The maker of Peugeot and Citroen cars will pay €1.8bn ($1.9bn) for GM’s Opel unit and its UK sister brand Vauxhall, as the French manufacturer bolsters its defences in a peaking market that’s being transformed by technology, new competitors and Brexit. GM, which is taking a charge of between $4bn and $4.5bn, will retain a toehold in the area by continuing to sell Chevrolets in small volumes.
“It gives us the opportunity to become a real European champion,” PSA chief executive officer Carlos Tavares said yesterday after announcing the deal, which reinstates the French company as the region’s second-biggest auto manufacturer. “Our plan is to build a common future for Opel and Vauxhall and fix the existing issues.”
Picking up GM’s 1.2mn annual deliveries allows PSA to solidify a turnaround following its 2014 bailout, by spreading the costs for developing new vehicles across a larger network while achieving the savings necessary to compete amid Europe’s high wages and wafer-thin profit margins. Gaining scale is vital for mass carmakers as they try to stay ahead of self-driving and electric-car innovations and compete with new entrants including Uber Technologies.
GM, which has owned Opel for almost 90 years, is cutting ties after the division missed a target to break even in 2016, contributing to losses that have totalled about $9bn since 2009. In addition to the charge, GM is on the hook for much of Opel’s pension obligations and will pay PSA €3bn to settle some retirement plans. Still, the deal will free up about $2bn in cash, which GM plans to use for share buybacks.
While job and production cuts are likely as the two companies offer a similar slate of mass-market cars from high-cost locations in Germany, France and the UK, Tavares vowed to honour existing labour agreements and said that closing factories is a “simplistic” solution.
“We don’t need to shut down plants,” he said, echoing promises made repeatedly in recent weeks as PSA executives toured Europe to win support for the deal from workers and politicians.
Bringing the two automakers together will yield annual savings of €1.7bn by 2026 by combining development costs, factory investments and purchasing.

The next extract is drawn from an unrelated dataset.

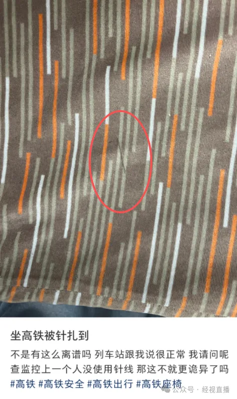 10月25日,有网友发帖称,乘坐高铁时被座椅上的绣花针扎到,且查询监控发现上一名乘客未使用针线。
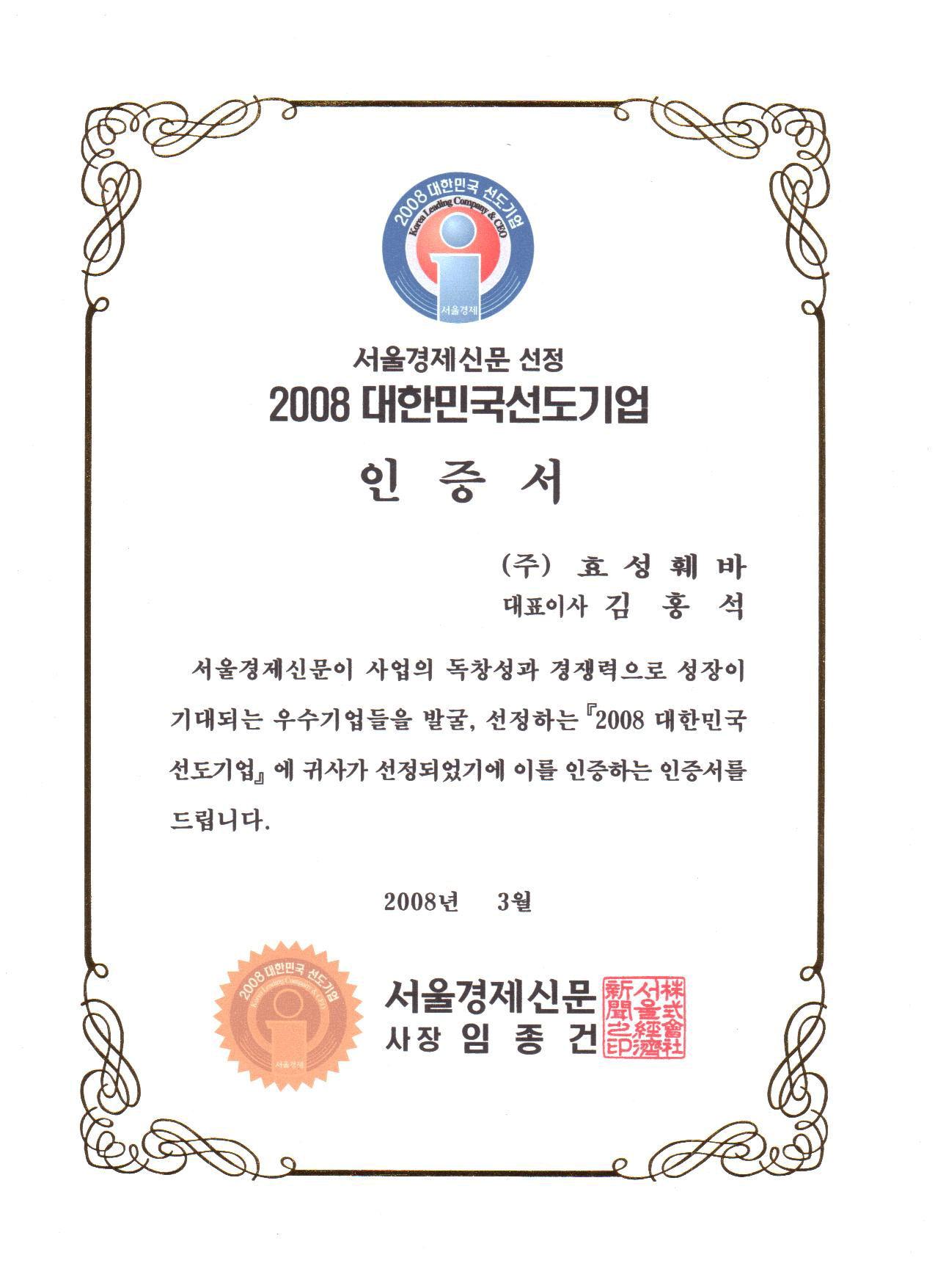 2008 대한민국선도기업 선정

That will help Opel generate an operating profit margin of 2% of revenue by 2020 and 6% by 2026.
Implementing the savings measures will cost about €1.6bn. Initially the deal will be a drag, with PSA’s profit margin from automaking likely to drop to 3.8% from 6%, according to an estimate from UBS.

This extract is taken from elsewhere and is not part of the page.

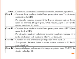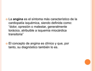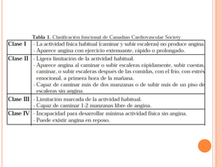El documento describe la angina de pecho estable, incluyendo su fisiopatología, diagnóstico y tratamiento. La angina de pecho estable se produce cuando la demanda de oxígeno del corazón excede el suministro de oxígeno a través de las arterias coronarias debido a placa aterosclerótica. El diagnóstico se basa en los síntomas del paciente y pruebas adicionales pueden incluir electrocardiogramas y pruebas de esfuerzo. El tratamiento involucra medicamentos como nitratos
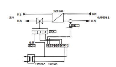 本系統(tǒng)應(yīng)用于供暖系統(tǒng)的熱交換器控制。通過安裝于循環(huán)水管上的 TE-1 溫度傳感器實時檢測溫度。反饋給 TC-1 溫度控制由控制器設(shè)定 值與傳感器信號比較。輸出相應(yīng)的電壓控制信號,控制 TV-1 的蒸汽量。 控制熱交換器的交換熱能,實現(xiàn)供暖循環(huán)的溫度恒定。|

“This move, on paper, is a good deal for PSA,” in part because it gives the French carmaker access to GM’s expertise on electrification and fuel cell technologies, Bryan Garnier & Co analyst Xavier Caroen wrote in a note to clients. However, “implementing synergies will take time, diluting group’s PSA margin on the short term, while risk of further cannibalisation between brands could occur.”
Tavares’s focus on growth comes after a bailout three years ago by the French state and Dongfeng Motor Corp and a painful restructuring that included freezing pay, weeding out unprofitable models and shutting a plant. PSA went from net losses starting in 2012 to profit in 2015, and generated €2.7bn in cash in 2016. This year, for the first time since 2011, the company will pay a dividend.

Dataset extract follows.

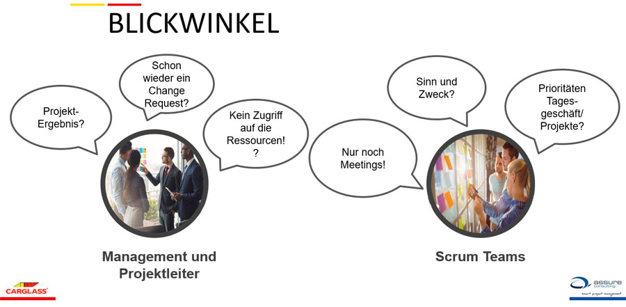 Zunächst führte der Head of Project Management gemeinsam mit dem Leiter Softwareentwicklung Scrum in der IT von Carglass ein. Die genaue Zielvorgabe dabei: Alle sechs Teams sollen alle IT-Anforderungen aus dem Tagesgeschäft und aus Projekten, aber auch Incidents und Wartungsaufträge im Rahmen des Scrum-Prozesses abwickeln. IT- und vor allem Non-IT-Projekten ist es jedoch freigestellt, agile Vorgehensweisen zu verwenden. Die Folge: An der Schnittstelle zur IT kommt es oft zu hybriden Vorgehensmodellen. So entwickelt ein Projektteam, das nach Wasserfall arbeitet, beispielsweise innerhalb der Realisierungsphase auf Basis von Scrum. Die große Anzahl parallel verlaufender Aufträge und Projekte macht es allerdings schwer, sich thematisch zu fokussieren, und objektive Prioritäten festzulegen.

The deal propels PSA to second place in Europe with a 16% market share, behind only Volkswagen’s 24% and pushing it past Renault following a steady decline in recent years.
The transaction, with a total value of €2.2bn, includes GM’s European auto brands and a stake in its local financing business. PSA will pay 1.13bn euros in cash and €650mn of warrants that will be issued to the US carmaker. PSA is acquiring the financing division in a joint venture with BNP Paribas, which accounts for the remaining €460mn.